Nondimeno, per quel che riguarda la ratio dell’annuncio, in parte va cercata nella classica strategia comunicativa trumpiana, afferma Fabbri: “Vuole parlare alla pancia del suo elettorato, quella parte d’America che si chiede che ci stanno a fare gli Usa in Germania, mentre Berlino continua a fare gli affari con la Russia. è propaganda, insomma”. Ma poi c’è l’aspetto strettamente strategico: “Se sei molto sospettoso nei confronti di un alleato, fai il contrario di quello che ha annunciato Washington: non vai a togliere le truppe. Anzi, l’alleato-avversario lo vuoi controllare”.

La ‘favola’ di voler proteggere la Germania

È limpido il ragionamento dell’analista: “Quella di proteggere la Germania è ovviamente un’antica favola: gli americani sono lì sin dalla Seconda guerra mondiale per controllare la Germania e con lei l’Europa. Ripeto: se vuoi impedire che Berlino pensi in grande e in modo indipendente, o che lo facciano altri Paesi, non lasci il campo, perché equivarrebbe ad un liberi tutti”, spiega ancora Fabbri.

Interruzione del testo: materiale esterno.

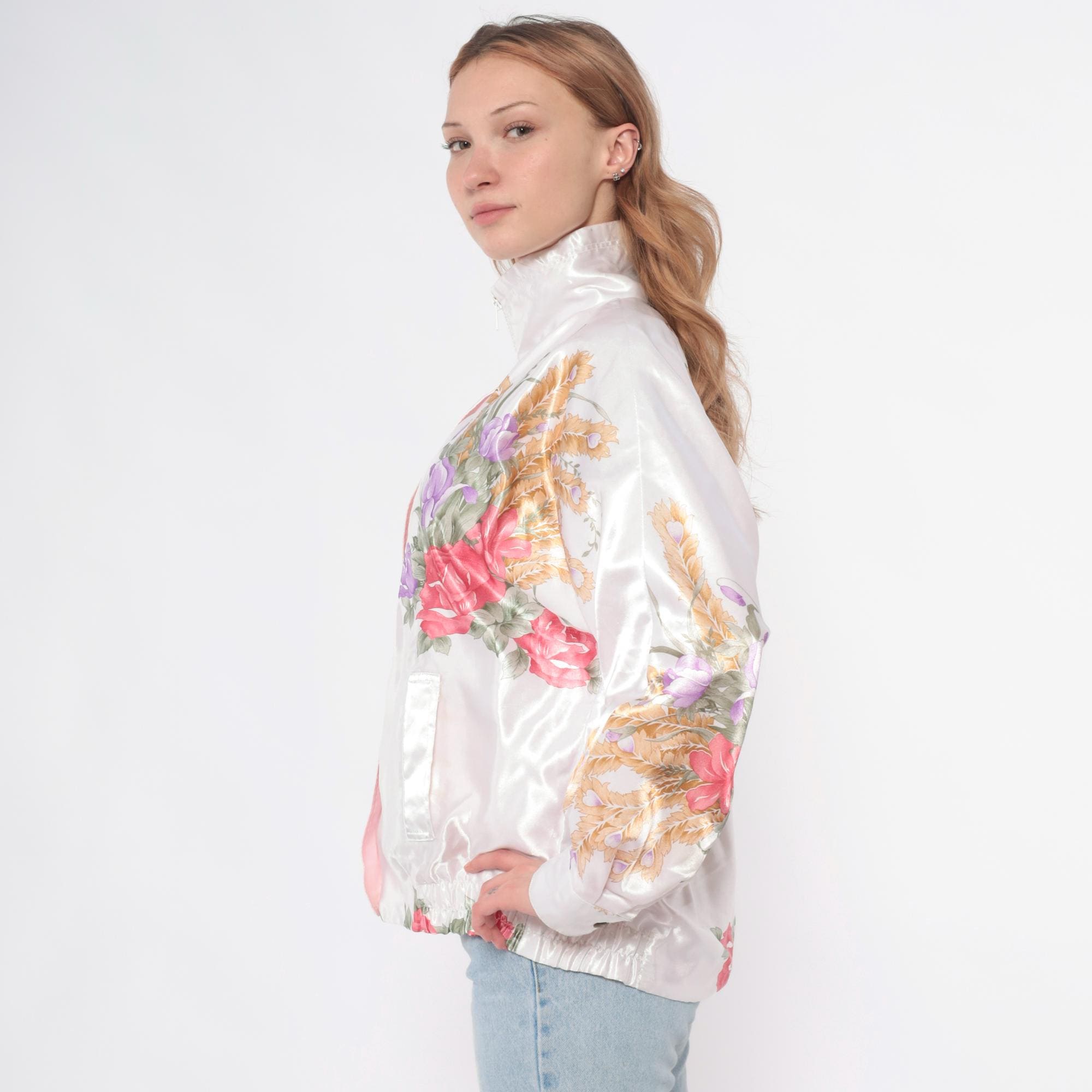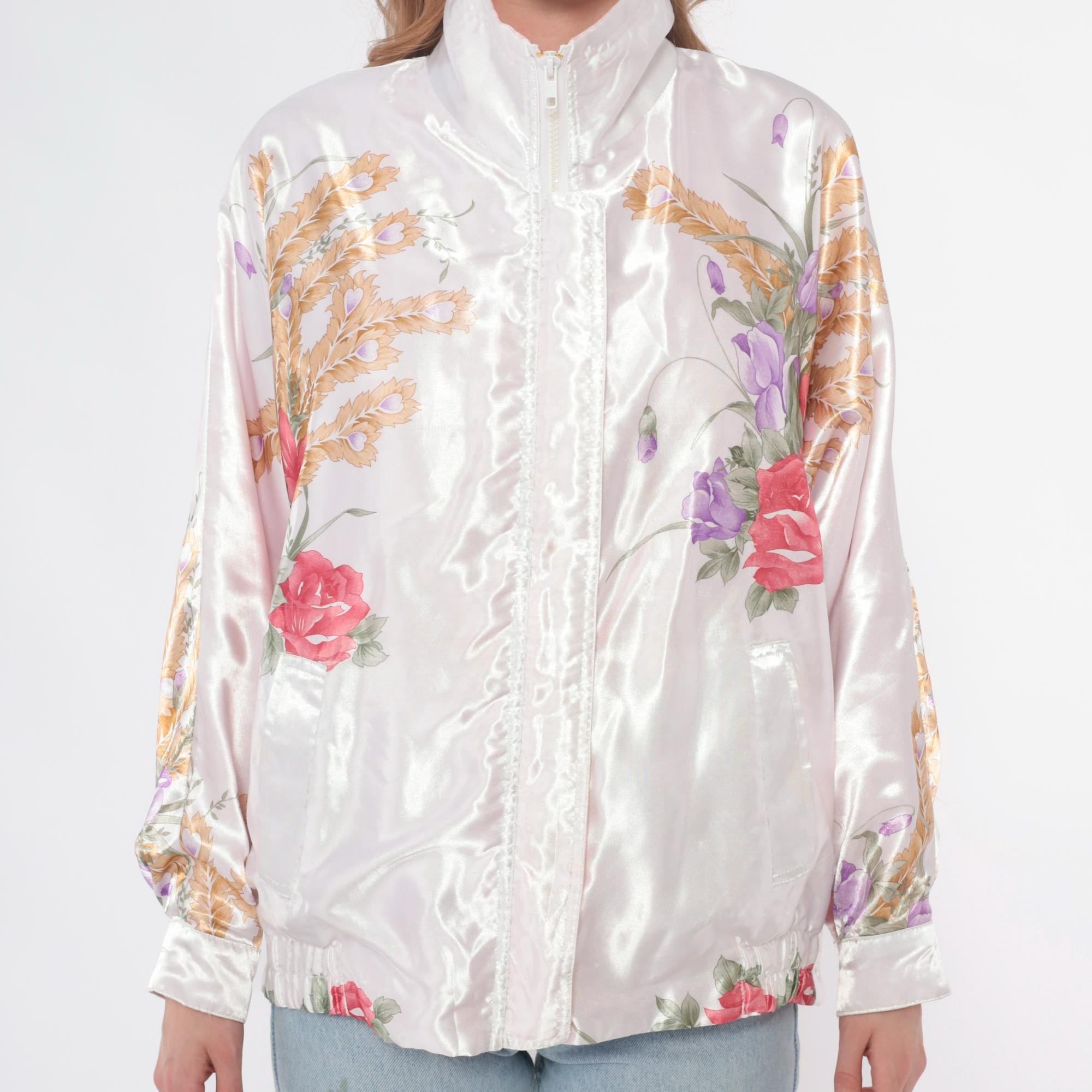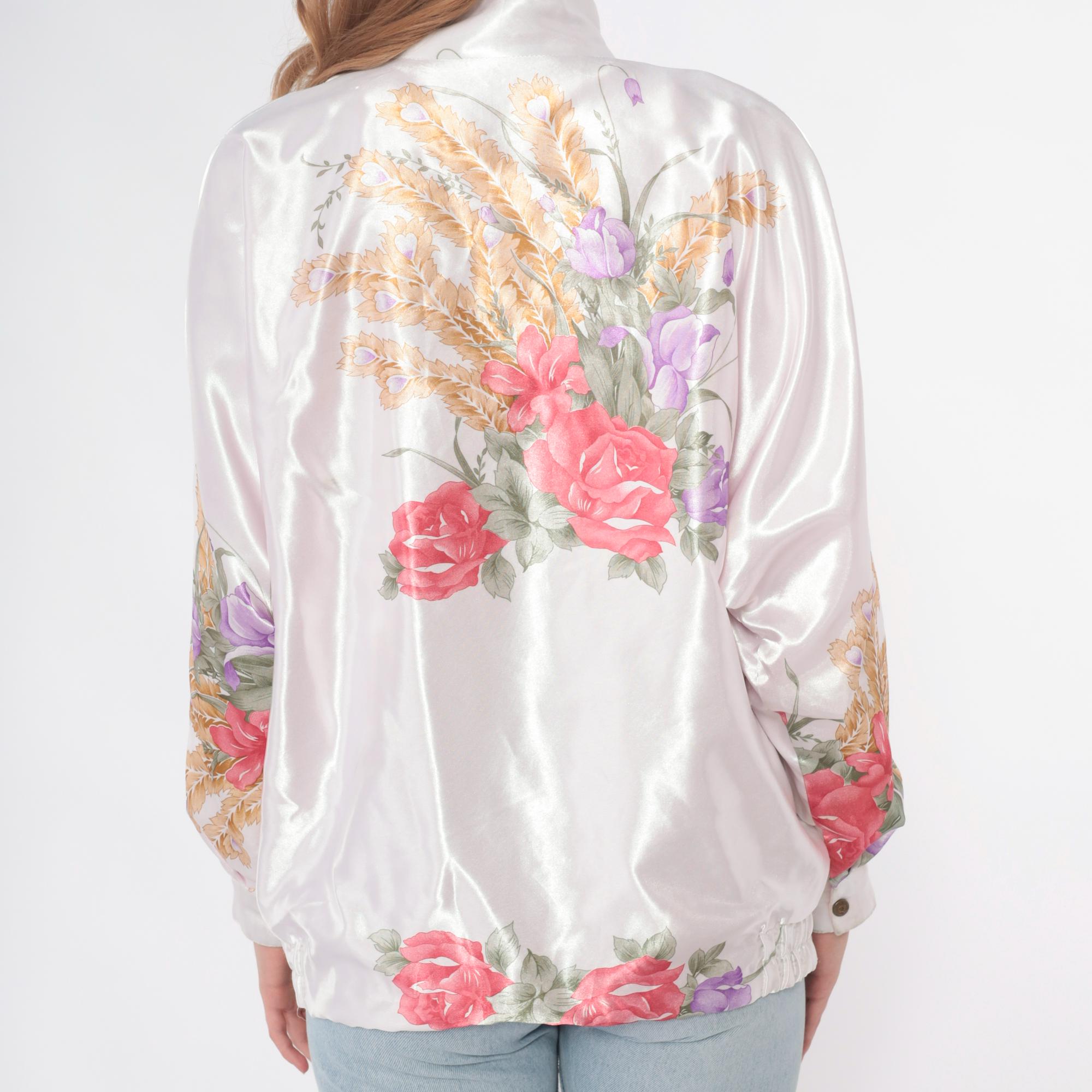 90s white satin bomber jacket with pink roses, purple flowers, and golden wheat print across the fabric. Zip front closure, stand collar, long sleeves with elastic cuffs. Elastic waistband, two front pockets.
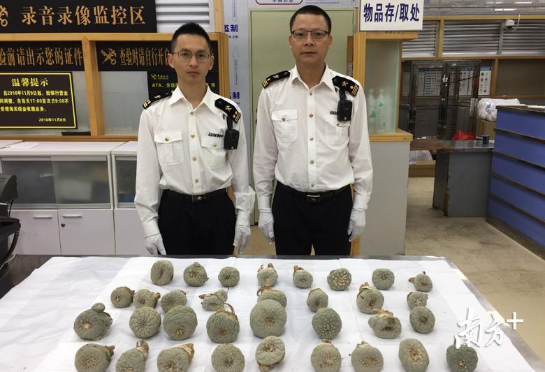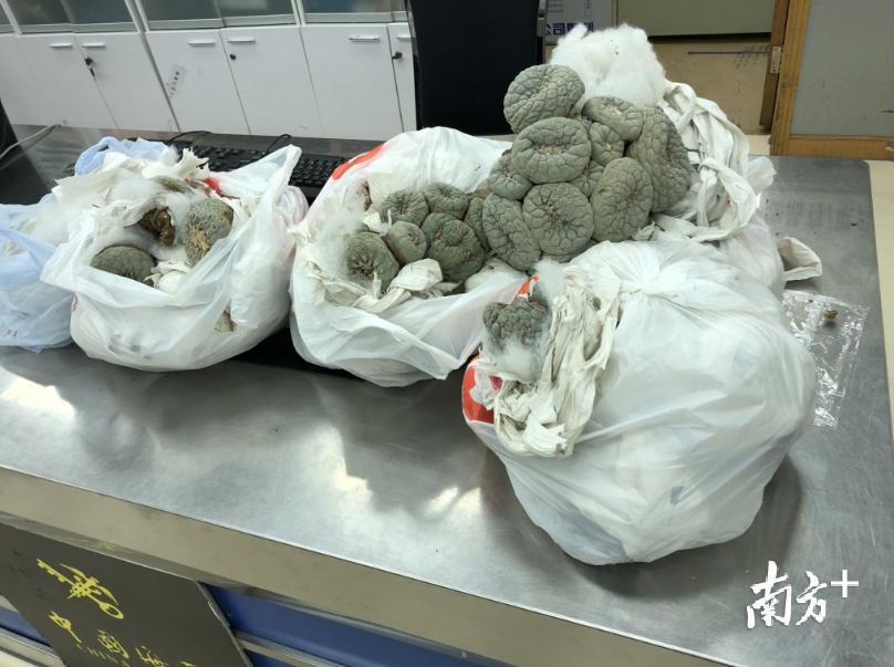 “当时这些植物就放在旅客的行李箱中,每一个都用白纸包裹着,外形是不规则的球状。我们起先还以为是水果莲雾,或是什么蘑菇。打开白纸以后,才发现全部都是多肉植物,几乎每一株都带着根系和泥土。这些多肉植物呈灰绿色或者深绿色,表皮上有一些白色的粉末,非常柔软。”查验关员老林说。
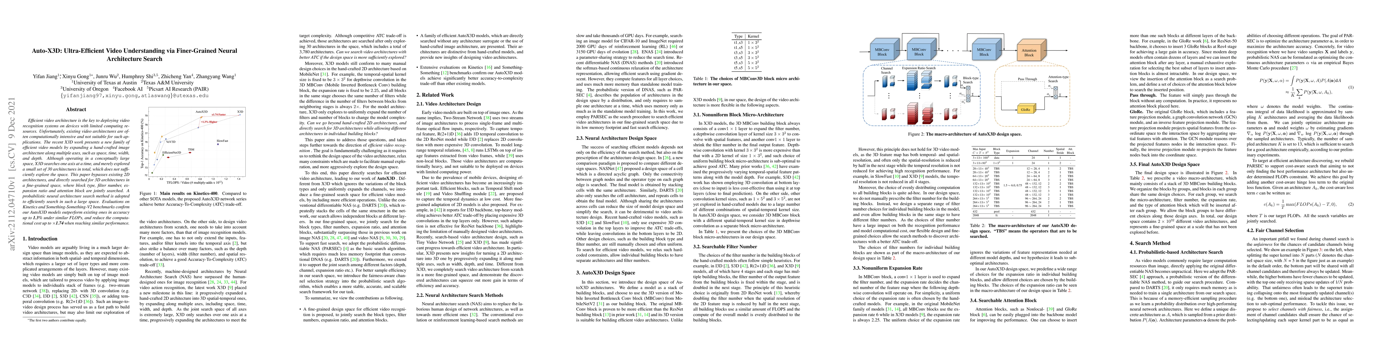 This paper introduces AutoX3D, a neural architecture search method that efficiently searches for ultra-efficient 3D video models, outperforming existing ones in accuracy while reducing computational cost up to x1.74.

“Certo, l’idea di Trump è quella di colpire i tedeschi mettendo loro paura, sguarnendo il loro fronte. Ma anche questo non ha granchè senso, perché la Germania finirebbe per spendere di più per le proprie forze armate, proprio nell’ottica di immaginarsi più indipendente, meno ‘satellite’ di prima”. Infine, la decisione di spostare il comando centrale delle forze Usa da Stoccarda: “Questa sembra proprio una punizione, sembra quasi la decisione di un bambino”.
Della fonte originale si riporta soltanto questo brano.